Marcus echó un vistazo al primero de ellos. Siguiendo el relato de la noche anterior, la mitad de la población de Inglaterra parecía pensar que acaso estuvieran contagiados y sobre los hospitales había caído una auténtica avalancha pidiendo la vacunación. En Berlín Occidental habían irrumpido en un laboratorio, robando una importante cantidad de medicinas.

—Sí, ya pensé que ocurriría algo semejante después de aquellos condenados titulares —afirmó—. Como siempre, menosprecias las cosas, Peter.

—Lo siento, sir Marcus, pero usted siempre solía decir que era un excelente defecto. —Wilson le alargó una nota garrapateada—. Esto acaba de llegar a la centralilla. Otro caso en Berlín. Los síntomas son similares a los otros.

—Gracias. —Marcus puso la nota bajo la luz—. Ruth Eulenburg… treinta y seis años… viuda, vivía sola… no se ha establecido relación alguna con el niño Fenwick. En cambio los síntomas son similares, idénticos, a los del comandante Wood. La encontró la policía cuando la operadora de teléfonos comunicó que la línea estaba ocupada por una mujer que sollozaba y parecía desquiciada. En la ambulancia seguía repitiendo el nombre de alguien llamado Clever Gretel. Murió a las siete de la mañana, hora de Europa Central.

—Y siguió repitiendo eso, ¿no? Clever Gretel.

Marcus, dejando el papel sobre la mesa, se quedó mirando a Wilson a quien preguntó:

—¿Le dice algo ese nombre, Peter?

—Bueno, en realidad nada, señor. Era evidente que estaba delirando. Creo que Gretel es un personaje de un cuento. Tal vez de Hans Andersen.

—No, no es de Andersen sino de Grimm. Gretel era la mujer que siempre planeaba contra imaginarios infortunios. Como bien dices, probablemente estaba delirando, pero también deliró el muchacho Fenwick. Hablaba sin cesar de alguien llamado Iron Hans, que es otro personaje de Grimm. ¿No crees que podría existir alguna relación?

Poniendo la mano sobre el brazo de Wilson se le quedó mirando fijamente mientras decía:

—Y dime algo más, Peter. Hemos convivido durante largo tiempo y quiero toda la verdad.
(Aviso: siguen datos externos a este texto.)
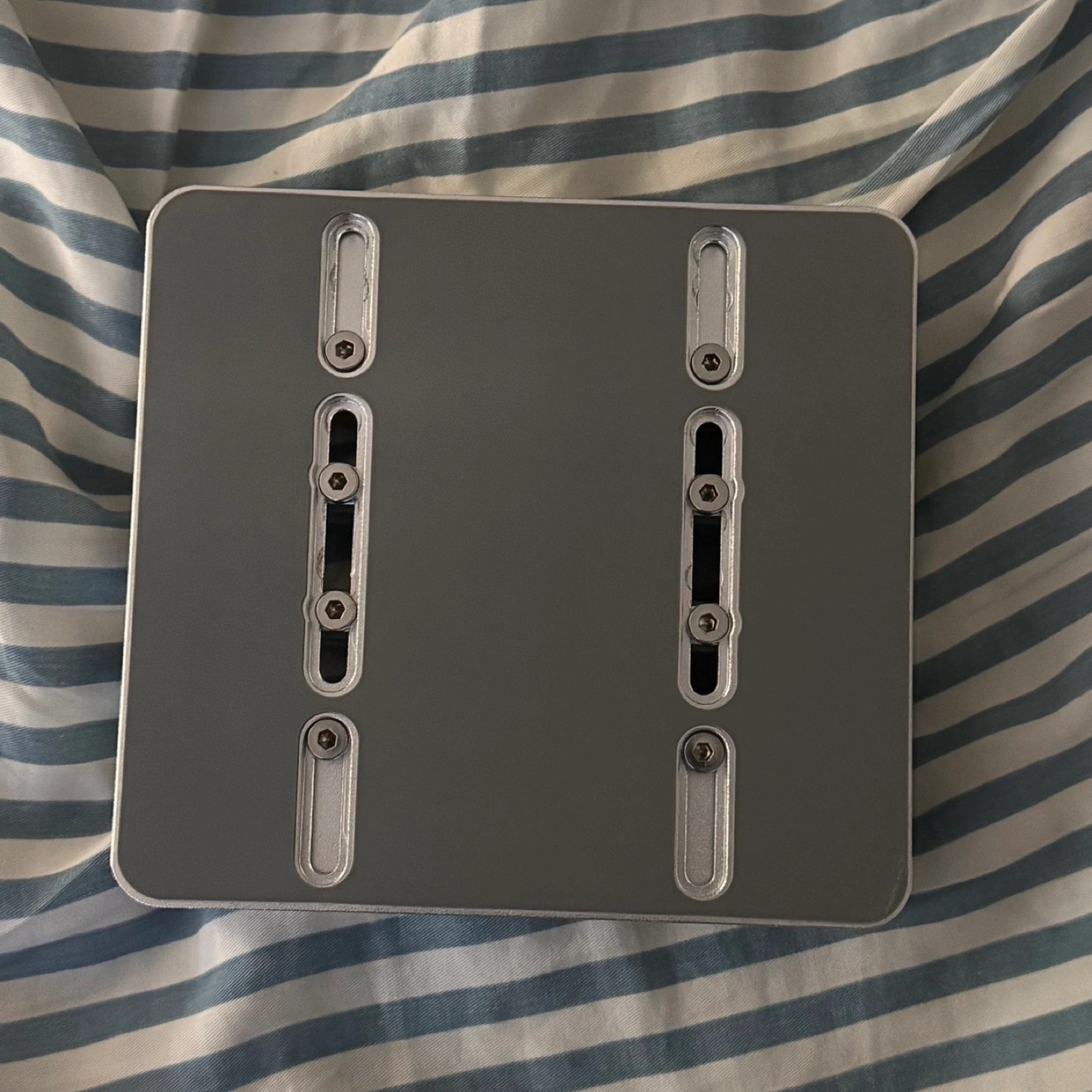 Selling a TEFONIA adjustable laptop stand in silver! It has 5 slots and is made of aluminum, perfect for saving space on your desk. It's designed for Apple MacBook, Surface, Galaxy, Tablets, iPad, and iPhones. Get organized with this handy stand!

Esta teoría mía respecto a un retorno del bacilo de la Muerte Negra: ¿crees que en realidad puede haber algo o estoy acaso perdiendo la cabeza?

—No, señor, desde luego no la está perdiendo. Pero de todas maneras creo que es demasiado pronto para afirmar qué puede ser. Creo que acaso esté siguiendo una corazonada… precipitándose a conclusiones sin ningún…

—Sin ninguna prueba real o adecuada observación. —Marcus volvió a coger el periódico—. Desde luego tienes toda la razón, mas ¿qué otra cosa puedo hacer? No tenemos tiempo para una completa investigación. Tan pronto como esta cosa se ponga en marcha puede iniciarse la peor de las epidemias desde el siglo XIV. He de limitarme a seguir mi corazonada y confiar en que sea acertada.

Lanzó una mirada por encima del hombro a las jaulas. La gran rata se había arrastrado hasta el compartimento superior donde una bombilla ultravioleta imitaba la luz del día; indudablemente ya no le quedaba mucho de vida. Por el hocico le manaba un chorro de sangre negra y giraba tambaleante en círculos.

—Ve a telefonear al general Kirk —dijo—. El número está en mi escritorio en la habitación contigua. Dile que quiero inmediatamente un visado para Alemania Oriental.

Permaneció allí observando a la rata mientras Wilson salía presuroso de la habitación. Había caído sobre un costado, pataleando débilmente, y Marcus volvió a coger un bloc.

«Pero ¿quiénes son? —reflexionaba mientras tomaba nota de la muerte del animal—. ¿Quiénes son y dónde está la relación? Iron Hans y Clever Gretel.»

A seiscientos kilómetros de los Laboratorios Centrales otra rata estaba muriendo. No era uno de los ejemplares pulidos y lustrosos de Marcus Levin. Era una vieja e hinchada abuela de las alcantarillas, con pulgas alrededor de las orejas y en su piel las cicatrices de un centenar de batallas subterráneas. Salió arrastrándose lentamente de una madriguera obra del hombre, giró tres veces como un gatito a la caza de su propia cola y cayó sobre un costado. Unos metros más allá Clever Gretel sonreía en su cálido cuartito.